Take pictures in the fading light at guinea hour.There’s the guineas grazing in colour-coded groups.There’s the chicks that slipped out today, quite proud of themselves. Nosey on the left. They’re pretty good about following the guineas back in, when they call it a night. The little barred rock again. I’m with you, right? I’m the right colour! Oooh, can I come out?! The small chickens are so cute. They’re cute right up until they’re suddenly big burly roosters swaggering around. They spend a great deal of their juvenile lives independent of their mothers. Months. They have so much growing yet to do when they strike off on their own, but their sibling bonds (the chicks they shared a nest with) seem to stay really important until full adulthood.
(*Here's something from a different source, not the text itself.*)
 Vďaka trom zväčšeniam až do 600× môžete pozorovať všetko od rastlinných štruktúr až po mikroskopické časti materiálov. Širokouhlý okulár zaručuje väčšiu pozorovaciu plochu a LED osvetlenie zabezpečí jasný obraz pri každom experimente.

Today was a big sun bathing day, warm in the greenhouse, chicken legs stuck out everywhere. It’s very quiet when it’s warm. The birds are all flopped out, dozing. Too sedate to squabble. Tomorrow, rain.
I made fudge, which is awesome because it involves vats of melted chocolate:Also worked, as usual, and felled some more of the ugly buckthorn forest. Is the glass half full or empty? I can look around after two tanks of gas burned and see little difference, or I can go Yeah, two more tanks of gas … spent cutting down an invasive so regeneratively powerful I might start calling them Triffids. I have to do that in the morning in order to feel any accomplishment about it. When the snow comes, I think that’s when the amount of land I’ve cleared of the beastly GLB this fall, a fraction of the infection, will actually look like something. Here’s hoping.
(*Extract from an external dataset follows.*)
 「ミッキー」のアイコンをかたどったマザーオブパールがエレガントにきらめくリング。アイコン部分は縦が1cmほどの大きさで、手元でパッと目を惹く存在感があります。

The guineas haven’t had their evening graze for a couple of days due to rain, and I let them out a touch early. (Time change! What time is it? Old time or new time?)Perchick shot out along with the guineas. That’s a Cheeks move, to get in the middle of the guinea crowd and run where they’re going. Can’t see me! Guinea speed is a dead run for a chicken.I wouldn’t mind some grass too.Then a few other chickens squeezed out.What’s going on out here?
That little Whitey is an escape artist. It came out for a graze once and ended up spending the night outside, luckily alive. Sure enough, I looked at closing time, couldn’t find him, figured he was already in, then he reappeared 10 mins later in the corn stalks.Then there’s this one. I’m FREEEEE!Perchick stuck real close to the guinea flock. Even with me looming over them on bobcat watch, they seem nervous outside. It’s such a weird thing that the guineas are colour segregationists, but the grey (pearls) don’t get along with the white/buffs. They are aggressive and unkind to the non-grey ones. The whites sleep on a separate perch now, and get attacked. The greys are all cliqued up. So strange! Even though the guineas move like a school of fish and are all attached by invisible elastic bands that stretch but then sproing back, the whites are distinct outsiders, constantly being forced away from the core of the flock. They’ll have to go to their own white-only home.Back inside, the guineas are ready to go to bed but the chicks are hogging their stairs. The laundry rack is exceedingly popular, all day.
I’m worried about this buff guinea. It tends to lie around, in corners by itself. Knowing how they can act like that at noon and be dead by two, it’s worrisome, but perhaps it’s just avoiding the prejudice. It’s been a couple days and is still fine.